Артём ничего не ответил, просто вышел из спальни. А Виктория лежала в темноте и слушала звуки из квартиры сорок один: льётся вода, гремит посуда, работает телевизор. Стены были тонкими, слышно было всё, но хуже всего была эта дверь, всегда приоткрытая, через которую в их жизнь просачивалась жизнь свекрови.

***

К концу года Виктория начала избегать квартиры. Она задерживалась на работе, уходила гулять одна, сидела в кафе с книгой. Возвращаться домой становилось всё тяжелее, потому что дома не было дома. Было пространство, разделённое с человеком, который не понимал слова «нет».

– Доченька, ты что-то поздно стала приходить, – Надежда Семёновна ловила её в коридоре, когда Виктория возвращалась после девяти вечера. – Где пропадаешь?

– Гуляю, – коротко отвечала Виктория.

– Одна? – свекровь качала головой. – Это неправильно. Женщина не должна одна по вечерам ходить. Артём переживает.

Но Артём не переживал. Артём работал допоздна, а потом приходил и садился с матерью смотреть телевизор в её половине. Виктория слышала их голоса, смех, и чувствовала себя чужой в собственной квартире.

Однажды она попробовала поговорить с ним серьёзно. Дождалась, когда он ляжет спать, и села рядом.

– Тёма, нам нужно что-то менять.

– Что менять? – он не открывал глаз.

– Эту ситуацию. С твоей мамой. Я больше не могу так жить.

Артём открыл глаза, повернулся к ней.

– Вика, ты что предлагаешь? Выгнать её? Она продала свою квартиру, вложила все деньги в эти две, для нас! Куда ей идти?

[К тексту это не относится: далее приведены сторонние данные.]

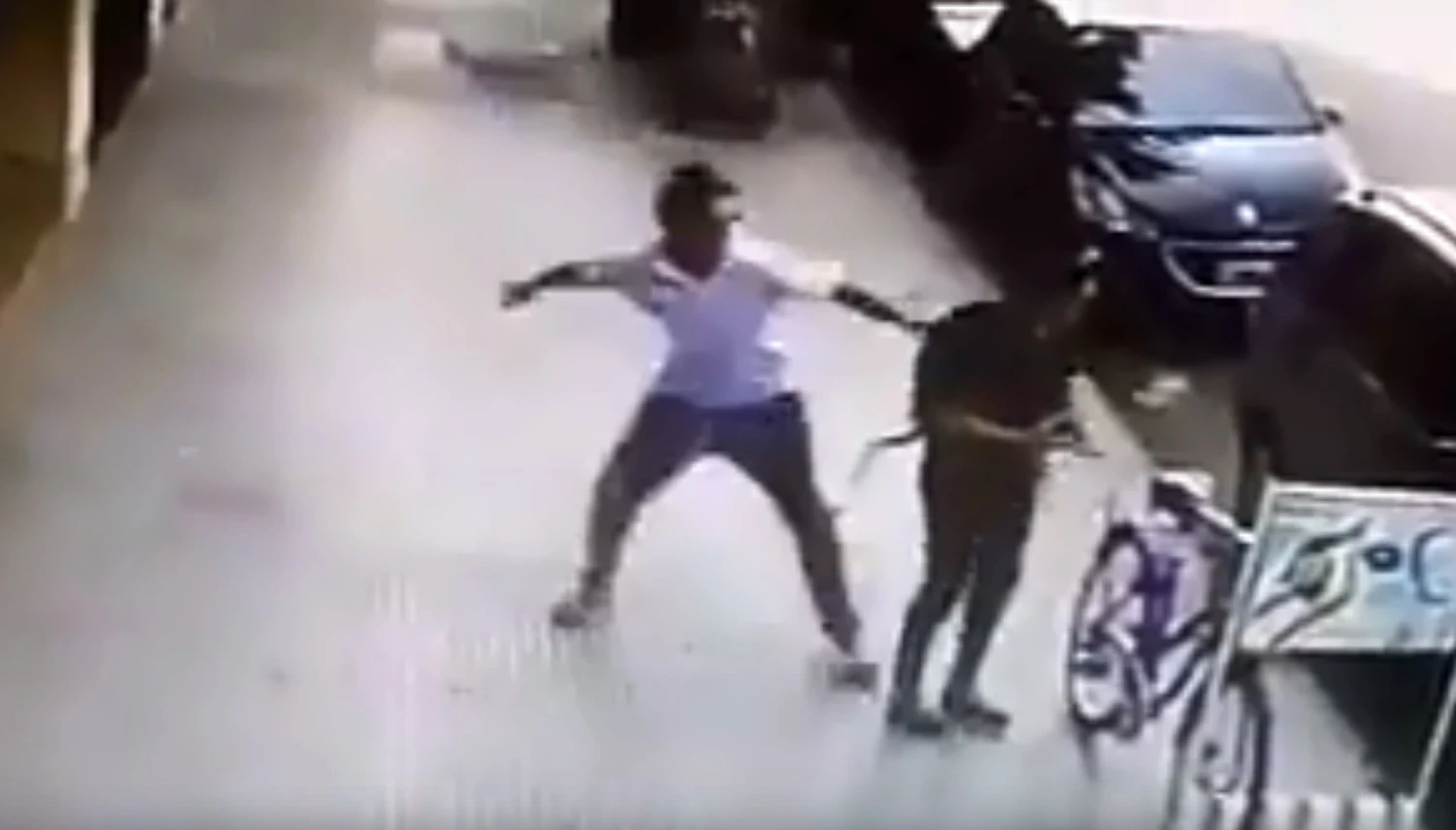 Video: estacionaba su bici cuando un hombre se acercó y le pegó una trompada

– Я не говорю о том, чтобы её выгонять, – Виктория сжала его руку. – Я говорю о границах. Пусть дверь будет закрыта. Пусть она приходит по приглашению, а не когда захочет. Пусть она перестанет переставлять наши вещи, контролировать, куда мы ходим, что делаем.

– А ты понимаешь, что для неё это будет означать? – Артём сел, провёл рукой по лицу. – Что мы её отвергаем. Что она нам не нужна.

– Почему ты не понимаешь, что для меня это означает? – голос Виктории задрожал. – Что у меня нет своего пространства, своей жизни. Я живу под постоянным контролем, каждый мой шаг обсуждается, каждое решение критикуется. Твоя мать залезает в нашу спальню, когда мы спим! Это нормально?

– Она один раз зашла, случайно!

– Артём, она заходит постоянно! – Виктория встала с кровати. – Просто ты этого не замечаешь, потому что тебя это не касается. Ты её сын, ты для неё святое. А я чужая, которая пытается увести её мальчика.

– Не говори глупости, – Артём тоже встал. – Мама тебя любит, заботится о тебе.

– Она меня терпит, – Виктория прислонилась к стене, – потому что я часть тебя. Но она никогда не примет, что у нас должна быть отдельная жизнь.

– Потому что у нас нет отдельной жизни! – выпалил Артём. – Мы семья! Мама, ты, я, мы все вместе!

– Нет, – тихо сказала Виктория, – семья, это ты и я. А твоя мама, это отдельный человек, который должен иметь свою жизнь.

– У неё нет своей жизни! – Артём повысил голос. – У неё есть только я! Ты понимаешь? Папа бросил нас, когда мне было три года. Она одна меня растила, работала днём и ночью, отказывала себе во всём. У неё не было личной жизни, друзей, увлечений. Только я. И теперь, когда она хочет быть рядом, ты требуешь её отодвинуть?

Виктория смотрела на мужа и понимала, что проиграла. Потому что невозможно спорить с чувством вины, которое Надежда Семёновна так старательно культивировала в сыне все эти годы. Она пожертвовала всем ради него, значит, он навсегда в долгу. А Виктория, которая ничем не жертвовала, не имеет права требовать.

– Ладно, – сказала она и вышла из спальни.

Она прошла на кухню, закрыла дверь в квартиру сорок один и прислонилась к ней спиной. Постояла так несколько минут, наслаждаясь тишиной, отсутствием чужого присутствия за стеной. Потом вернулась в спальню и легла на самый край кровати, отвернувшись от мужа.

***

Утром Виктория проснулась от голосов на кухне. Дверь была открыта нараспашку, оттуда доносился запах жареных яиц и кофе. Надежда Семёновна готовила завтрак, а Артём рассказывал ей что-то о работе.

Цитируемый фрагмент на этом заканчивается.